***** Given records
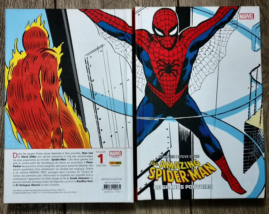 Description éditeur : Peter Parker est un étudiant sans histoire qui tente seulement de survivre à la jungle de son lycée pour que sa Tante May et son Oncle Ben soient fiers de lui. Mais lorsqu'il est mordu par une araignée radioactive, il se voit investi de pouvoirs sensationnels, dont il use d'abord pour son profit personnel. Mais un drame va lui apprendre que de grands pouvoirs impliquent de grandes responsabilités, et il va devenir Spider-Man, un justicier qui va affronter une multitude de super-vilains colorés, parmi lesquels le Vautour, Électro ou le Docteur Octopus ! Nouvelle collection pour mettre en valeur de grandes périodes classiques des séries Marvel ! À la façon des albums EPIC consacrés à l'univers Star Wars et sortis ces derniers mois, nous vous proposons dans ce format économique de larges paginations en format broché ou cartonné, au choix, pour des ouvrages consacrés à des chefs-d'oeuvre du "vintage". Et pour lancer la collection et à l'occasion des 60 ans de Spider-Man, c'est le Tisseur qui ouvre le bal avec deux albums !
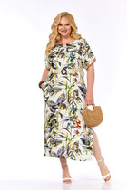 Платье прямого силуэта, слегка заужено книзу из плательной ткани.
**********
***** Given records
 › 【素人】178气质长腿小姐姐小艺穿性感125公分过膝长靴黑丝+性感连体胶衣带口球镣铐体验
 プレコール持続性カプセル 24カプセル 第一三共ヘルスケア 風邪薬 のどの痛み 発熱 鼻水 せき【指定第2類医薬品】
**********
***** Given records
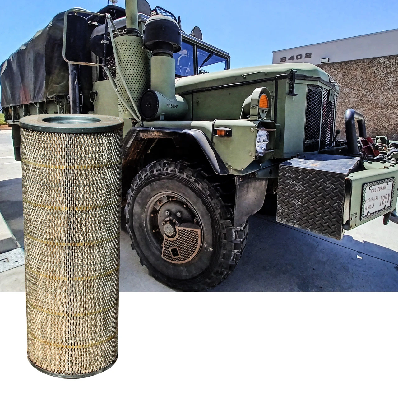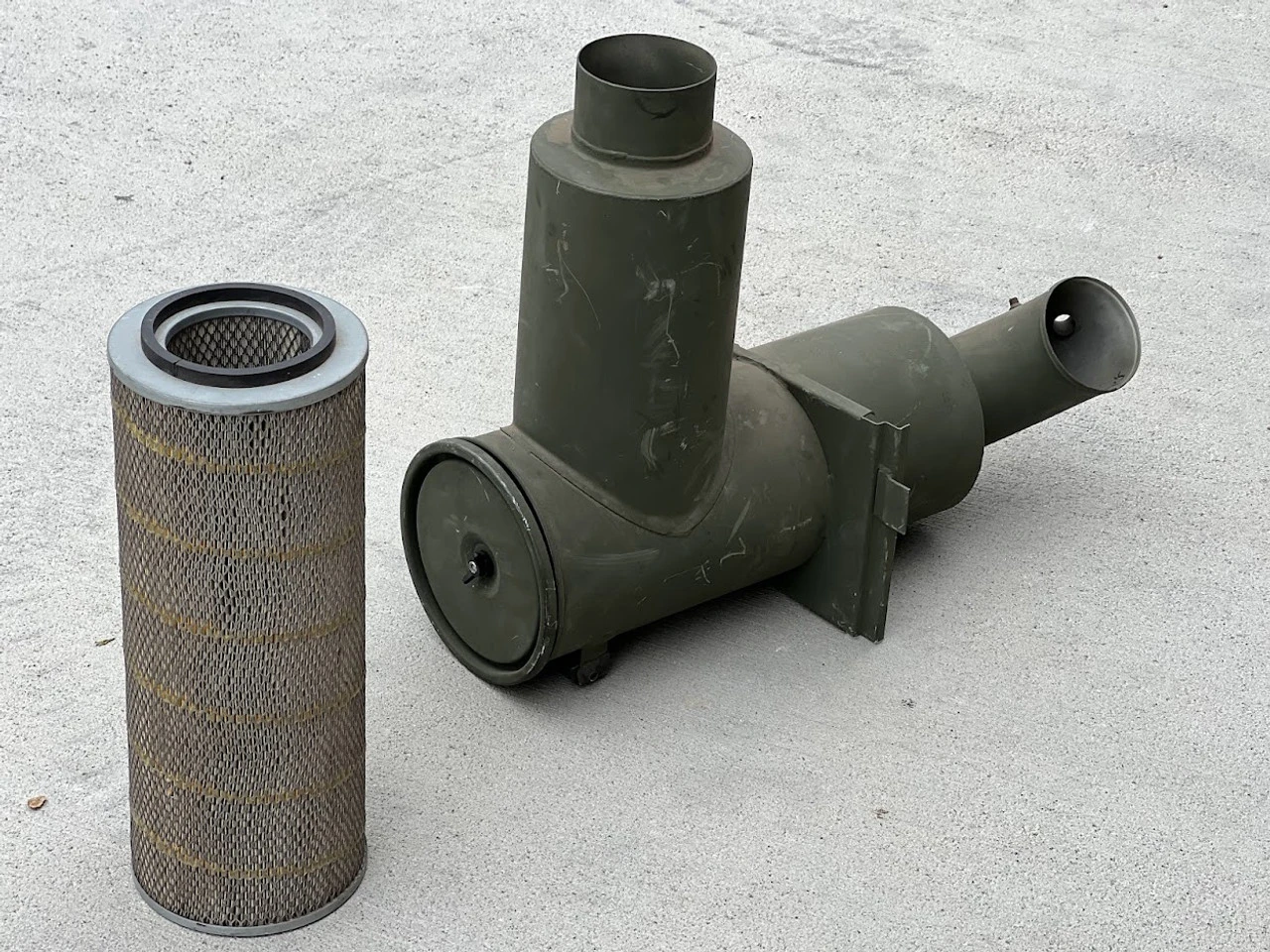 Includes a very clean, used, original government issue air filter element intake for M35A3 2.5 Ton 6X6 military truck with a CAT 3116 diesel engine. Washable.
**********
**What the task asks**
Exactly reproduce the lines above, starting at the one that contains "Description éditeur : Peter" and ending at the one that contains "Платье прямого силуэта, слегка", both inclusive; leave the pictures out and add no other lines.

**Task response**
 Description éditeur : Peter Parker est un étudiant sans histoire qui tente seulement de survivre à la jungle de son lycée pour que sa Tante May et son Oncle Ben soient fiers de lui. Mais lorsqu'il est mordu par une araignée radioactive, il se voit investi de pouvoirs sensationnels, dont il use d'abord pour son profit personnel. Mais un drame va lui apprendre que de grands pouvoirs impliquent de grandes responsabilités, et il va devenir Spider-Man, un justicier qui va affronter une multitude de super-vilains colorés, parmi lesquels le Vautour, Électro ou le Docteur Octopus ! Nouvelle collection pour mettre en valeur de grandes périodes classiques des séries Marvel ! À la façon des albums EPIC consacrés à l'univers Star Wars et sortis ces derniers mois, nous vous proposons dans ce format économique de larges paginations en format broché ou cartonné, au choix, pour des ouvrages consacrés à des chefs-d'oeuvre du "vintage". Et pour lancer la collection et à l'occasion des 60 ans de Spider-Man, c'est le Tisseur qui ouvre le bal avec deux albums !
 Платье прямого силуэта, слегка заужено книзу из плательной ткани.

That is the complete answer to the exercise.